■ **Exercise goal**:
Repeat the listing below in full and exactly, but without its pictures.

■ **Raw data**:
——
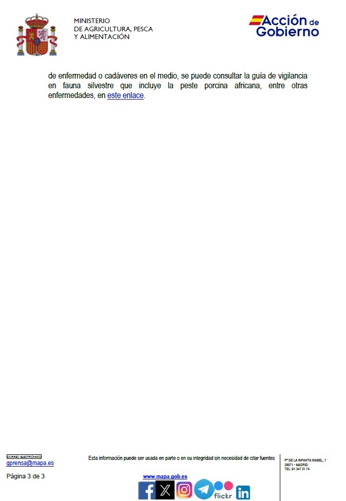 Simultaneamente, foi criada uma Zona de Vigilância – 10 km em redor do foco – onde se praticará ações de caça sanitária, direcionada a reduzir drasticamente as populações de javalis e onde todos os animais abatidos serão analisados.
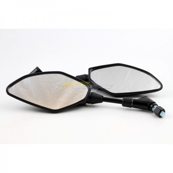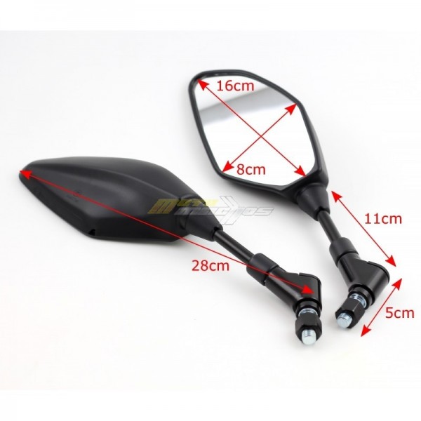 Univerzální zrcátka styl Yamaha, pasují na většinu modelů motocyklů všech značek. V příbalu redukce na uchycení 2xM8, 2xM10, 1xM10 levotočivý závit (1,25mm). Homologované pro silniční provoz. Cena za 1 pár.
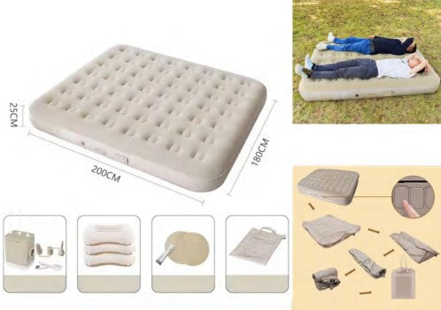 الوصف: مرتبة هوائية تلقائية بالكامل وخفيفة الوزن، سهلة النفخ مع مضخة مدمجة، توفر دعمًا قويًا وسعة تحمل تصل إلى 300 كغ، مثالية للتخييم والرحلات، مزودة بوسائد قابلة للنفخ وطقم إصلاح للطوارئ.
——
■ **Answer space**:
 Simultaneamente, foi criada uma Zona de Vigilância – 10 km em redor do foco – onde se praticará ações de caça sanitária, direcionada a reduzir drasticamente as populações de javalis e onde todos os animais abatidos serão analisados.
 Univerzální zrcátka styl Yamaha, pasují na většinu modelů motocyklů všech značek. V příbalu redukce na uchycení 2xM8, 2xM10, 1xM10 levotočivý závit (1,25mm). Homologované pro silniční provoz. Cena za 1 pár.
 الوصف: مرتبة هوائية تلقائية بالكامل وخفيفة الوزن، سهلة النفخ مع مضخة مدمجة، توفر دعمًا قويًا وسعة تحمل تصل إلى 300 كغ، مثالية للتخييم والرحلات، مزودة بوسائد قابلة للنفخ وطقم إصلاح للطوارئ.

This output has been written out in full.